Latent Upsampler Preparation

dtype = torch.bfloat16
device = "cuda"
from network.models.upsampler import LatentUpSampler
upsampler = LatentUpSampler.from_pretrained(UPSAMPLER_PATH, torch_dtype=dtype).to(device)

Latent Upsampler model is under weights folder. Example:

UPSAMPLER_PATH = "weights/FLUX-VAE-scaler"

FLUX pipeline:

The FLUX pipeline supports all FLUX.1 text to image models, including FLUX.1-dev, FLUX.1-schnell, and FLUX.1-Krea-dev.

from network.pipelines import LSSFluxPipeline
pipeline = LSSFluxPipeline.from_pretrained(MODEL_PATH, latent_upsampler=upsampler, torch_dtype=dtype).to(device)

image = pipeline(
    prompt, height=1024, width=1024, num_inference_steps=50, guidance_scale=3.5, 
    start_sigma=0.75, shorten_intermediate_steps=True
).images[0]

Stable Diffusion 3 pipeline:

The Stable Diffusion 3 pipeline supports all Stable Diffusion 3 models, including SD3, SD3.5.

from network.pipelines import LSSStableDiffusion3Pipeline
pipeline = LSSStableDiffusion3Pipeline.from_pretrained(MODEL_PATH, latent_upsampler=upsampler, torch_dtype=dtype).to(device)

image = pipeline(
    prompt, height=1024, width=1024, num_inference_steps=40, guidance_scale=4.5, 
    start_sigma=0.75, shorten_intermediate_steps=True
).images[0]

Stable Diffusion XL pipeline:

The Stable Diffusion XL pipeline supports all Stable Diffusion XL model variants, including SDXL, and Playground v2.5.

from network.pipelines import LSSStableDiffusionXLPipeline
pipeline = LSSStableDiffusionXLPipeline.from_pretrained(MODEL_PATH, latent_upsampler=upsampler, torch_dtype=dtype).to(device)

image = pipeline(
    prompt, height=1024, width=1024, num_inference_steps=50, guidance_scale=5, 
    start_sigma=0.75, shorten_intermediate_steps=False
).images[0]

Stable Diffusion pipeline:

from network.pipelines import LSSStableDiffusionPipeline
pipeline = LSSStableDiffusionPipeline.from_pretrained(MODEL_PATH, latent_upsampler=upsampler, torch_dtype=dtype).to(device)

image = pipeline(
    prompt, height=1024, width=1024, num_inference_steps=50, guidance_scale=7.5, 
    start_sigma=0.75, shorten_intermediate_steps=False
).images[0]

CogView4 pipeline:

from network.pipelines import LSSCogView4Pipeline
pipeline = LSSCogView4Pipeline.from_pretrained(MODEL_PATH, latent_upsampler=upsampler, torch_dtype=dtype).to(device)

image = pipeline(
    prompt, height=1024, width=1024, num_inference_steps=50, guidance_scale=3.5, 
    start_sigma=0.75, shorten_intermediate_steps=True
).images[0]

Or you can use the GenEval inference script to batch generate images with LSSGen.

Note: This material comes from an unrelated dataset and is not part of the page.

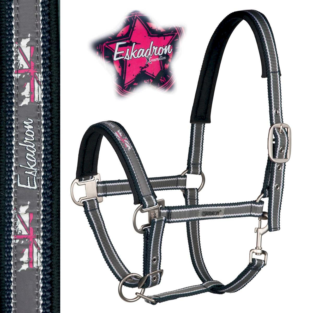 Kantar Eskadron Next Generation - wysokiej jakości kantar z podwójną regulacją i z podszyciem (na potylicy i nachrapniku), zapięcia na sprzączki, ładne okucia z napisem Eskadron, podwójne taśmy 25mm odporne na rozdarcia.

python inference_dyn_scaling_t2i.py <GENEVAL_PROMPTS_JSONL> \
    --model <MODEL_PATH> \
    --upscale_model <UPSAMPLER_PATH> \
    --pipeline_type <PIPELINE_TYPE> \ # e.g., flux, lssflux, sd, lsssd etc.
    --output_dir <OUTPUT_DIR> \
    --num_inference_steps <NUM_STEPS> \
    --guidance_scale <GUIDANCE_SCALE> \
    --start_sigma 0.75 \
    --shorten_intermediate_steps True \
    --min_size 512 # minimal image size in initial stage of LSSGen

Parameters

Shorten Intermediate Steps: If set to True, the LSSGen will shorten the intermediate steps when resolution is lower than the standard resolution. This is useful for speeding up the generation process while maintaining quality in flow based models.
Start Sigma: The initial sigma value for the denoising process. A value for controling the trade-off between speed and quality. 0.75 is optimal for best quality, but you can try other values like 0.667 for faster generation.

Citation

Please cite our work if you use this repository in your research:

@InProceedings{Tang_2025_ICCV,
    author    = {Tang, Jyun-Ze and Hsu, Chih-Fan and Li, Jeng-Lin and Chang, Ming-Ching and Chen, Wei-Chao},
    title     = {LSSGen: Leveraging Latent Space Scaling in Flow and Diffusion for Efficient Text to Image Generation},
    booktitle = {Proceedings of the IEEE/CVF International Conference on Computer Vision (ICCV) Workshops},
    month     = {October},
    year      = {2025},
    pages     = {5048-5057}
}

License

This project is only for research or education purposes, and not freely available for commercial use or redistribution. This intellectual property belongs to the Inventec Corporation. Licensing is possible if you want to use the code for commercial use. For scientific use, please reference this repository together with the relevant publication.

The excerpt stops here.